IQSE director and Texas A&M University quantum physicist Marlan Scully, a distinguished professor since 1996 and a member of the National Academy of Sciences, says that the research conducted at the IQSE is a prime example of Texas A&M's growing "One Health" movement, which strives for an interdisciplinary approach across departments and colleges to uniting the health of humans, animals, plants, and the environment. The institute fuses faculty members from several Texas A&M units and colleges, including science, engineering, liberal arts, agriculture, and veterinary medicine and biomedical sciences.

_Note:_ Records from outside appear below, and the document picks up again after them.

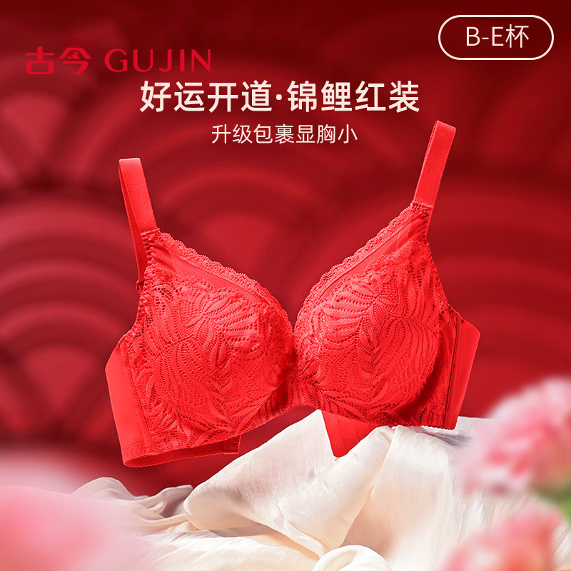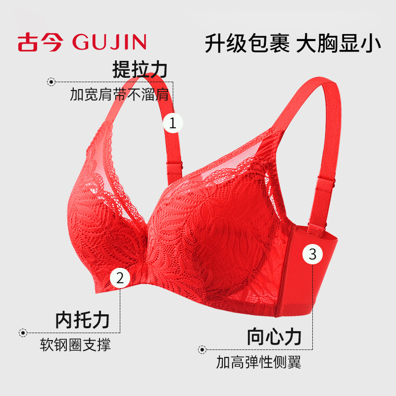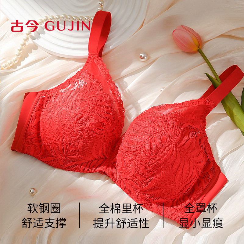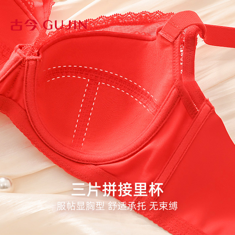 古今本命年红内衣女透气B-E杯大胸显小软钢圈棉内杯蕾丝文胸女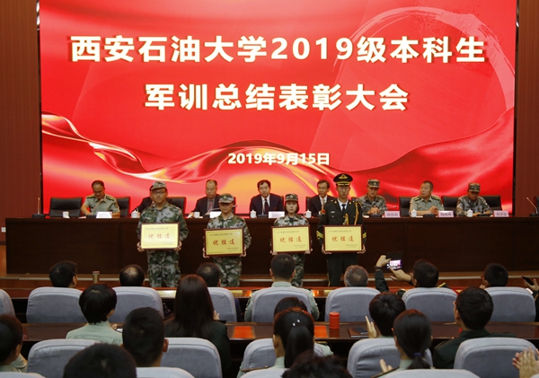 9月15日上午,我校2019級本科生軍訓(xùn)總結(jié)表彰大會在鄠邑校區(qū)弘石學(xué)術(shù)報告廳召開。校黨政領(lǐng)導(dǎo)李天太、張木、陳軍斌、樊曉民,軍訓(xùn)旅旅長田偉利少校、參謀長蔣澤斌上尉出席大會。相關(guān)部門負(fù)責(zé)人,全體參訓(xùn)干部、教官代表以及2019級學(xué)生代表共400余人參加大會。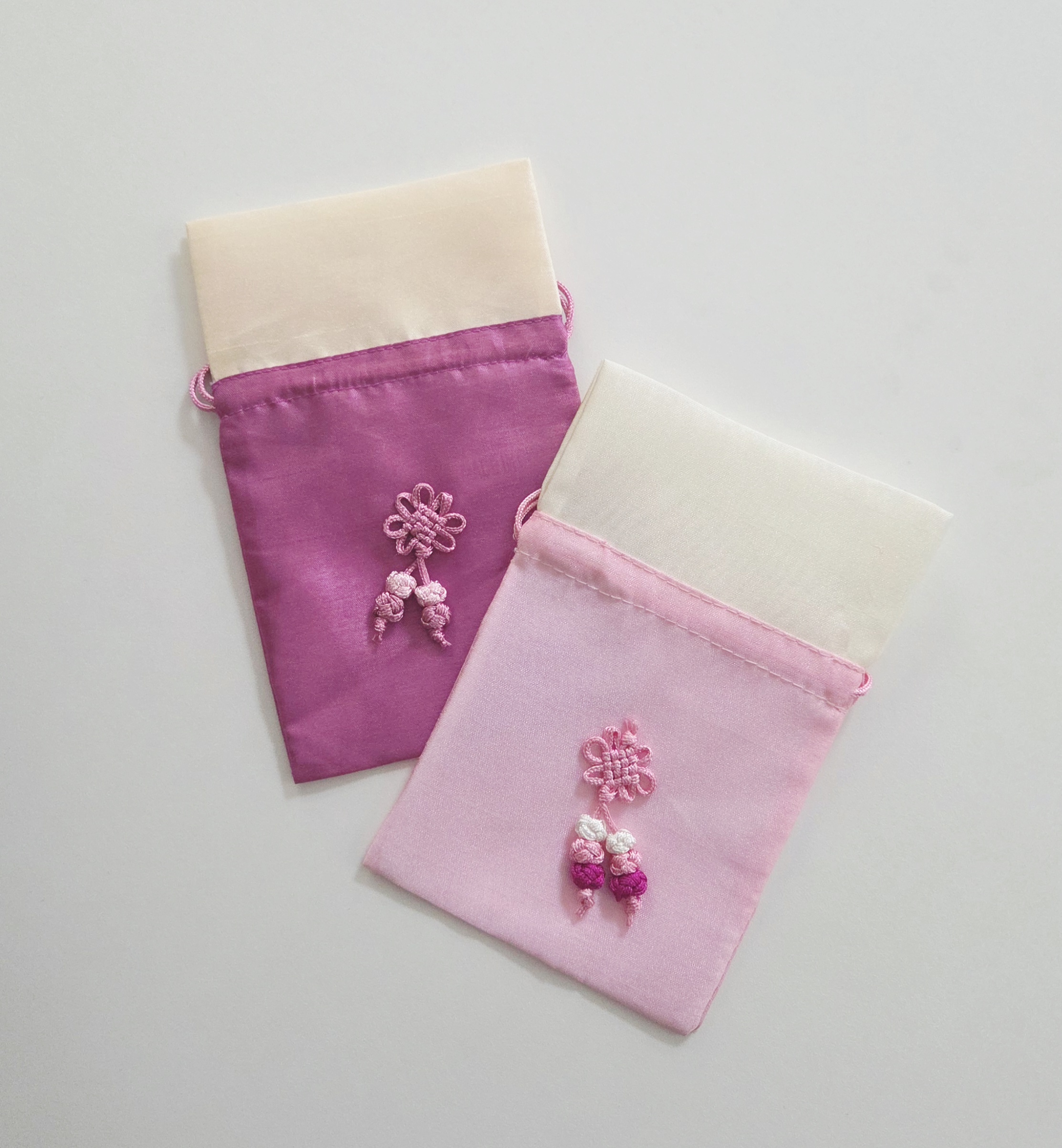 The traditional small Korean silk pouches are called Bokjumeoni (복주머니) in English, which literally translates to “lucky pouch” or “fortune pouch”.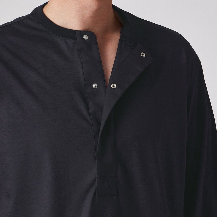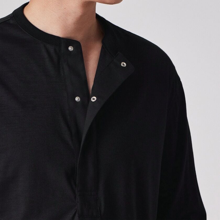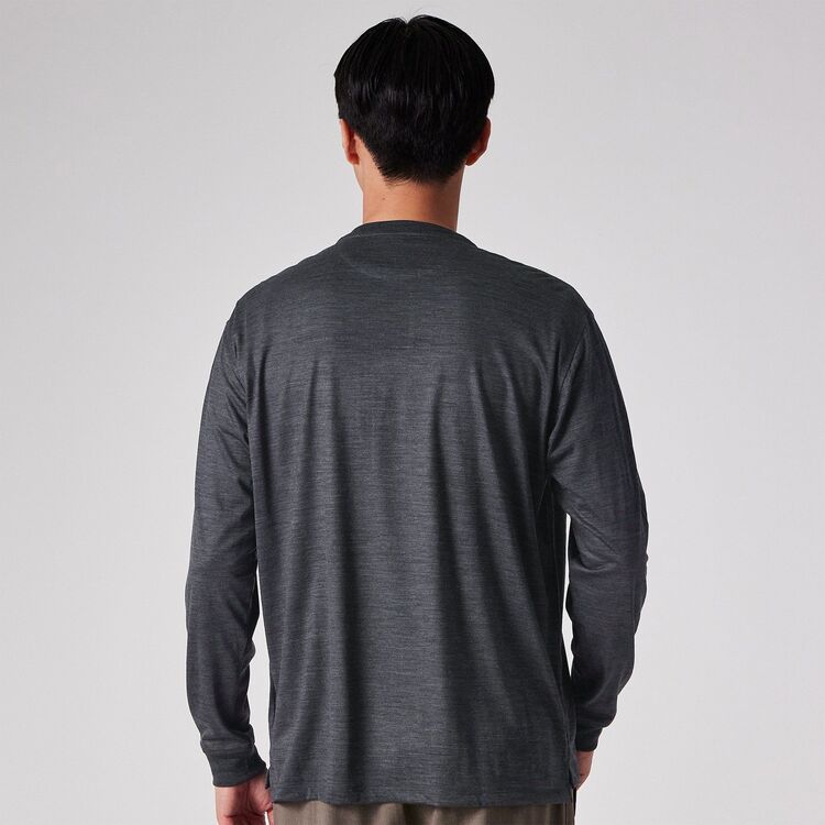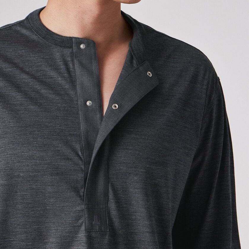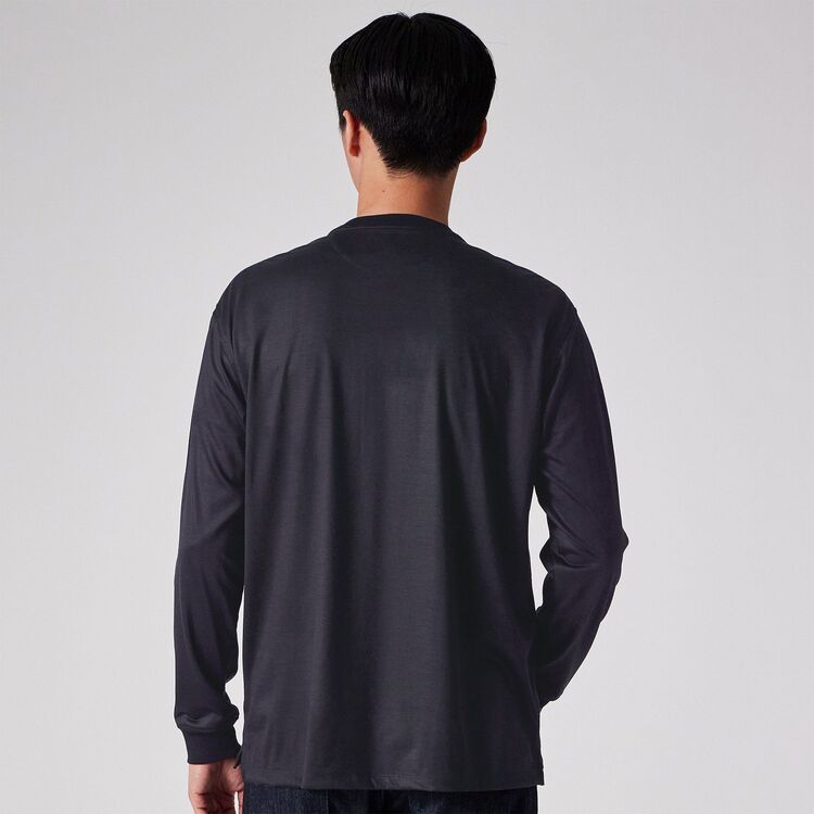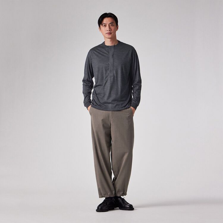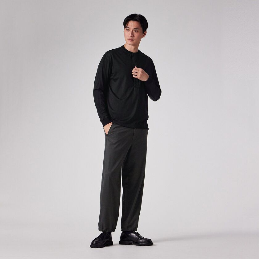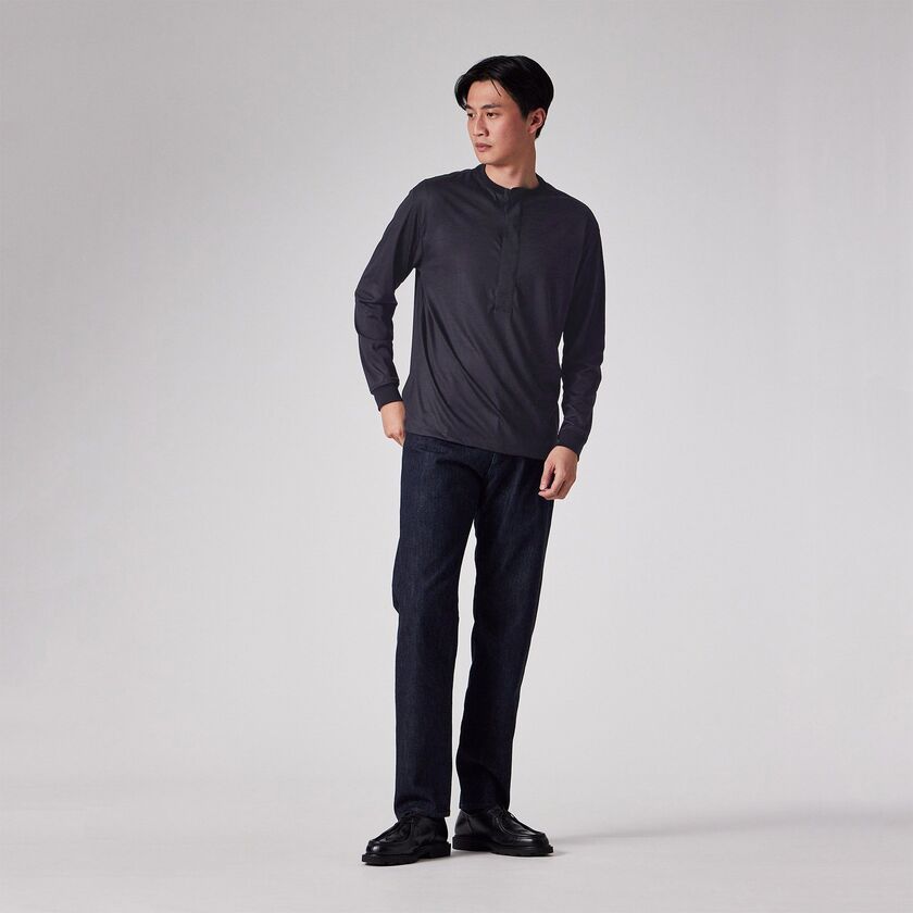 Tシャツ感覚で着られる快適さがありながら、見た目は非常にドレッシーなため、ジャケットのインナーとして合わせることで洗練された大人のビジネスカジュアルスタイルが完成します。また、デザイン性の高い深めのヘンリーネックは、一枚で着ても首元にニュアンスが生まれ、上質な休日着として存在感を発揮します。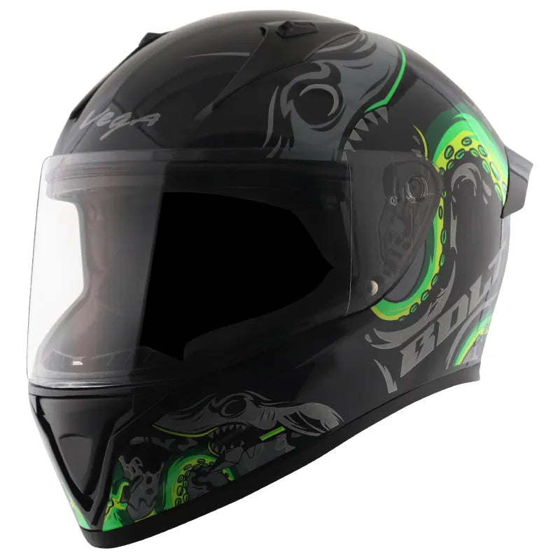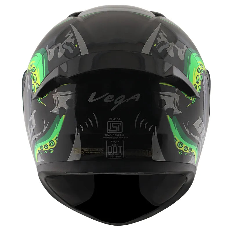 VEGA Bolt Octopus Black Neon Green Full Face Helmet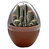 Great little cactus! . This thing is the size of an egg. It comes with seeds and a peat moss disk so you don't need any soil. You just open it up and put the seeds on the peat moss and add some water and close the clear lid, and in no time you have little baby cactii! Mine is growing fine and sitting on my desk. Easy to take care of, as it doesn't need to be watered that often. This thing is great!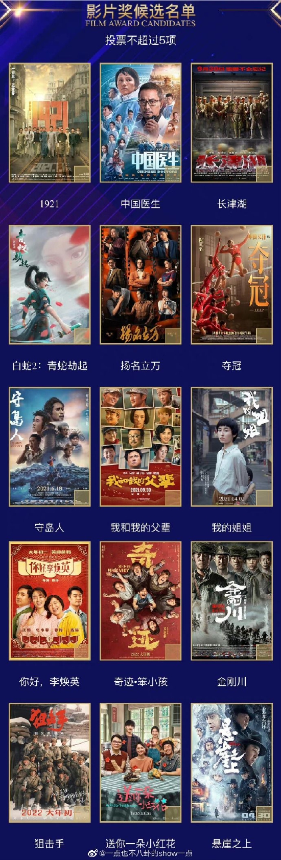 8张新浪娱乐讯 6月10日,第36届大众电影百花奖启动投票。参评影片范围限于取得国家电影局颁发的《电影片公映许可证》、观影人次达100万以上、在当届评奖周期(2020年2月1日至2022年2月28日两年度)内全国城市影院发行放映的国产影片。从即日起至2022年7月10日为观众投票阶段。观众投票阶段结束后,将由组委会指定的选票统计中心统计观众投票结果,评选出第36届大众电影百花奖各奖项的提名者。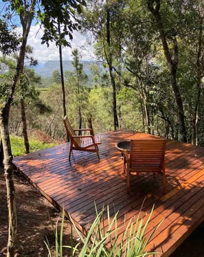 Convidamos os casais a descobrir este lugar único, onde cada momento é uma experiência visual inesquecível. Ao despertar, a beleza da natureza se desdobra diante de seus olhos através da porta de vidro do quarto. Durante o banho, mais uma vez, uma paisagem encantador o aguarda, convidando-o a relaxar ainda mais. Quando chega a hora de preparar um churrasco ou um jantar especial, a conexão com a natureza é ainda mais intensa, graças às belas janelas e portas de vidro que permitem desfrutar dos arredores. se desejar sair um pouco da cabana, nosso deck maravilhoso, equipado com uma lareira e duas poltronas de jardim, oferece um espaço perfeito para desfrutar do ambiente exterior.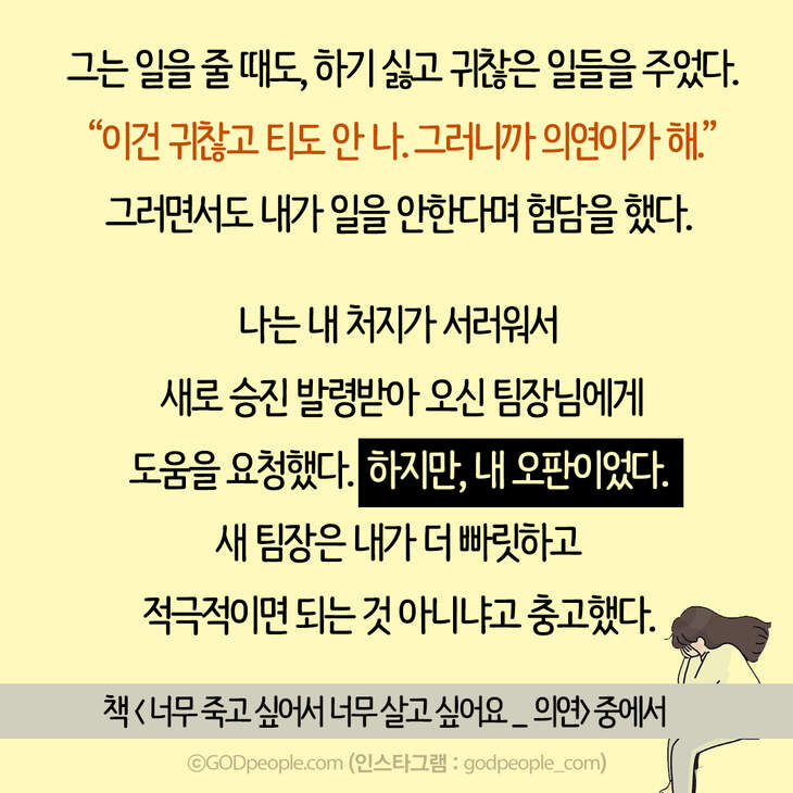 사람들은 내 앞에서는 과장을 욕하고, 과장 앞에서는 나를 욕했다. 그들은 내가 솔직히 말하는 것을 좋아했다. 그래야 선후임이 싸우고 막장으로 치닫는 자극적인 소문이 생기니까. 그래야 그들이 키득거리며 술안주 삼아 씹을거리가 생기기에,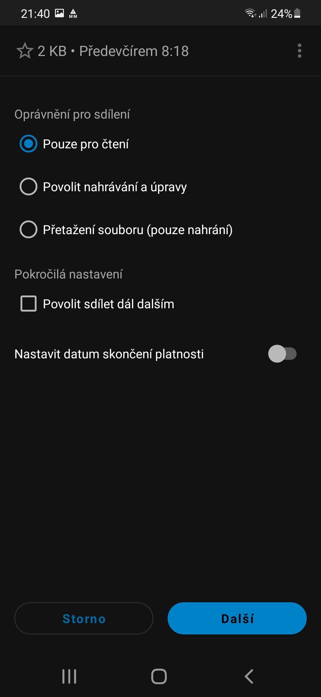 Proces sdílení je upraven tak, aby umožňoval další úpravu možností. Nově můžete používat adresáře, do kterých lze soubory pouze nahrávat nebo na adresáři omezit možnost přesdílení. Při vytváření sdíleného adresáře můžete vyplnit zprávu pro uživatele, která mu přijde v informační zprávě.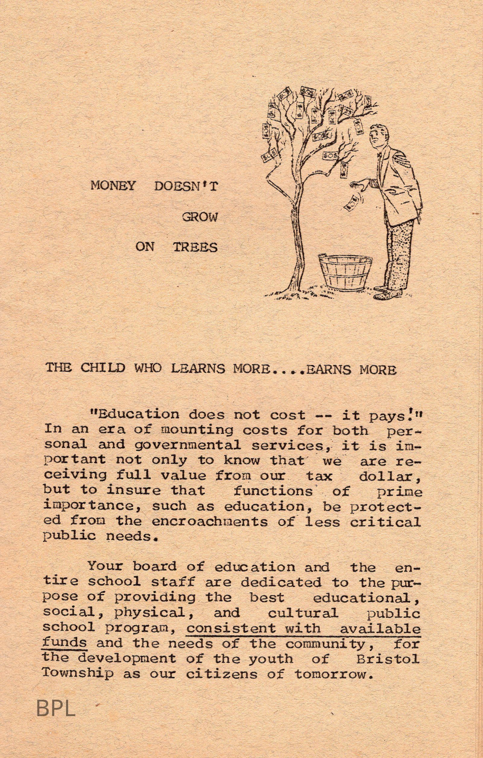 Pamphlet of Bristol Board of Education of costs and benefits of Education.Cataloged By
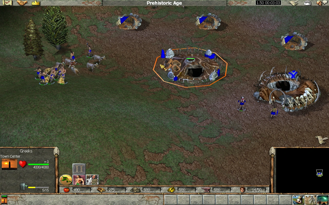 Once you have collected 750 units of food, advance to the Stone Age. If all goats near the [[Town Center (Empire Earth)|]] have been killed, you can find two small flocks of goats in the forest north of your village and another flock to the south east. Another flock can be found in the resource patch, where you "parked" Hierakles and his Clubmen. After the Stone Age has been reached, train a few more Citizens had have them harvest gold and iron. Three for each patch should suffice, if you're not in a hurry. Use the Gold and the Iron to build seven to ten Spearmen and three Sampsons. Collect more Iron and Gold to upgrade your units - hitpoint, attack and armor upgrades for the infantry units. You may want to upgrade the Sampsons' speed, so that they won't lag behind the rest of your army, when approaching enemy territory.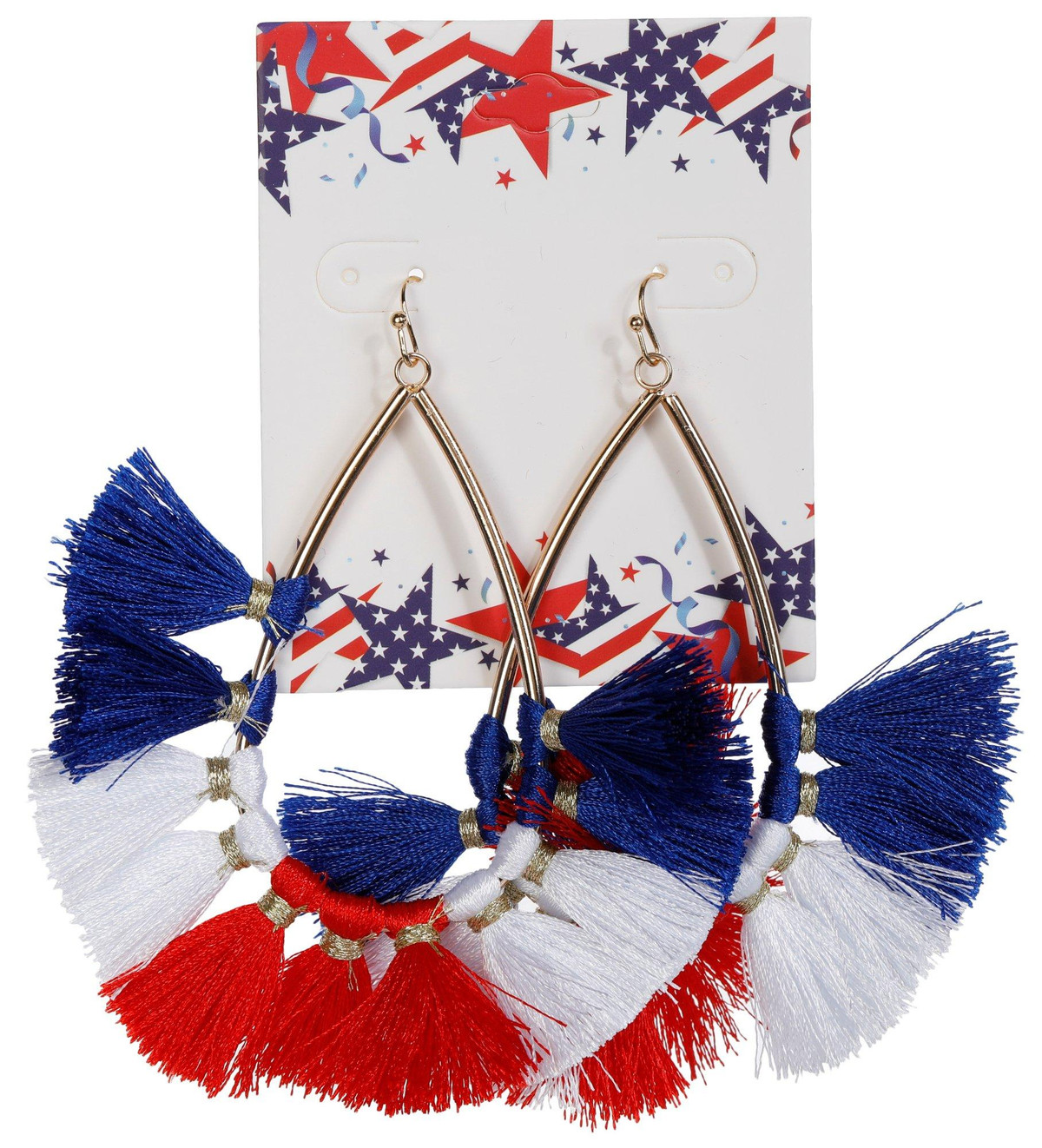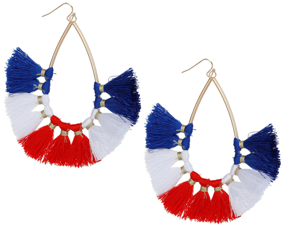 Celebrate bold style with these fanned earrings featuring a vibrant red, white and blue color palette. The dynamic design fans outward in a playful arrangement that adds movement and flair. With a graceful dangle, these statement earrings bring a festive and confident accent to your look.What materials are used in these earrings? What inspired the design of these earrings?How can I style these earrings for different occasions?

Funding for this effort came from the Chancellor's Research Initiative (CRI), which provides one-time funds to Texas A&M and Prairie View A&M University (Prairie View, TX) to recruit and hire faculty members with a track record of developing large federally funded research programs. The $33 million in annual funds for the CRI, which comes from the Available University Fund, is distributed in a process that includes input from Texas A&M's deans, Provost Karan Watson, President R. Bowen Loftin, and A&M System Chancellor John Sharp.

Some of the biophotonics research goals for the IQSE award include:

1. Increasing the speed and reliability of cancer diagnosis techniques. Raman spectroscopy uses lasers to excite the tumor and create scattered light that carries molecular information, a technique that has shown promise in cancer detection and determining tumor boundaries. This technology will be extended to a new technique created at Texas A&M to increase the sensitivity of Raman signals.

2. Developing a new technology that will revolutionize biological and chemical sensing—a process long dominated by dogs as the best sensors of explosives and drugs. Texas A&M is creating a prototype device capable of unprecedented, one-part-per-trillion sensitivity for many chemicals under normal atmospheric conditions that could have major implications for homeland security, agriculture, healthcare, and environmental sensing.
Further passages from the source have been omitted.